Hi,
I think it is a bit more complicated than many are making out.
He has clearly been bitten once and is now commitment shy.
I see nothing wrong with a prenup, but it should definitely be protecting his existing assets and not the (future) marital assets, especially if you intend to give up working and look after his children.
To reassure you a little, you cannot 'prenup' your (future) childrens' needs and he would have to pay you enough to maintain (roughly) the lifestyle that they enjoyed prior to the divorce, assuming he could afford it.
As the law currently stands, without a prenup, he would have to give you spousal maintenance for the rest of your life and maintain your 'needs', which divorce lawyers have a habit of greatly exaggerating.
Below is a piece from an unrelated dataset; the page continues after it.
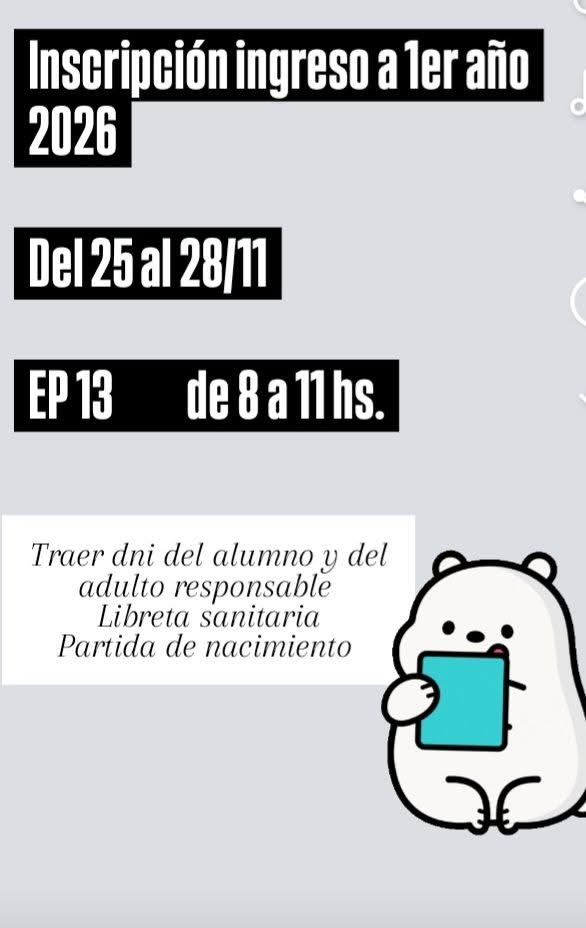 Inscripción 2026 en la escuela primaria 13, del 25 al 28/11

I can totally see why he would not want to do that, especially if you would not be sacrificing a high flying career to look after the children.
Where I can see where he is coming from is that there is no reason you should become very wealthy merely through spending 10 years of your life with him and having his children.
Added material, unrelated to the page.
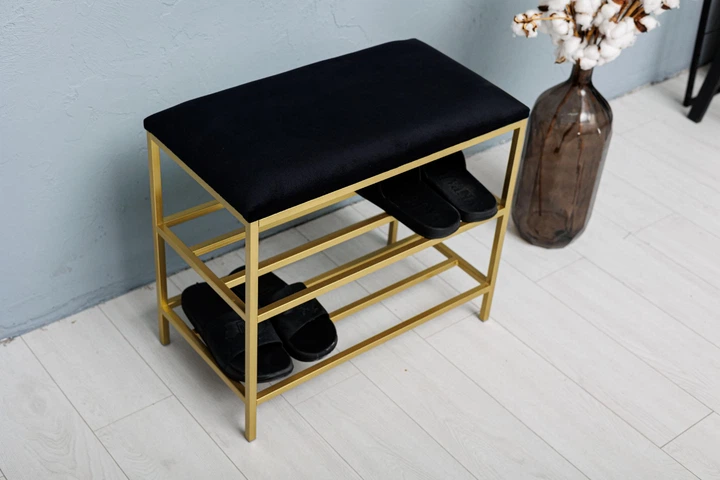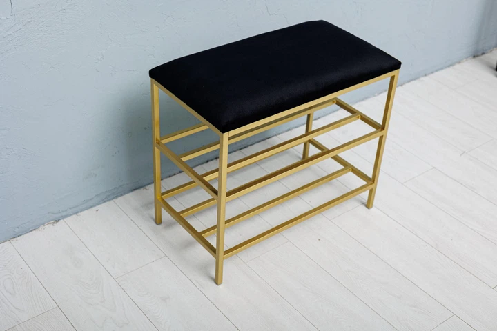 Банкетка для взуття 60*32*52 см чорна із золотистим каркасом, велюрова підставка для взуття на 2 полички не прошита

Fair, to me, is putting you back in the position you would have been having not married him with, of course, excellent provision for both of your children. That would include compensating you for loss of earnings, with reasonable promotions etc and loss of pension contributions. In addition, he would have to deal with your future genuinely reasonable needs.
All the above could be worded in a prenup and a court would take account of it (although it is not absolutely binding in law in the uk).
If he is coming from the above position, you need to have a meaningful conversation with him, having already taken legal advice of your own. If he just thinks he can marry you and have virtually no meaningful commitment to you, then why marry at all?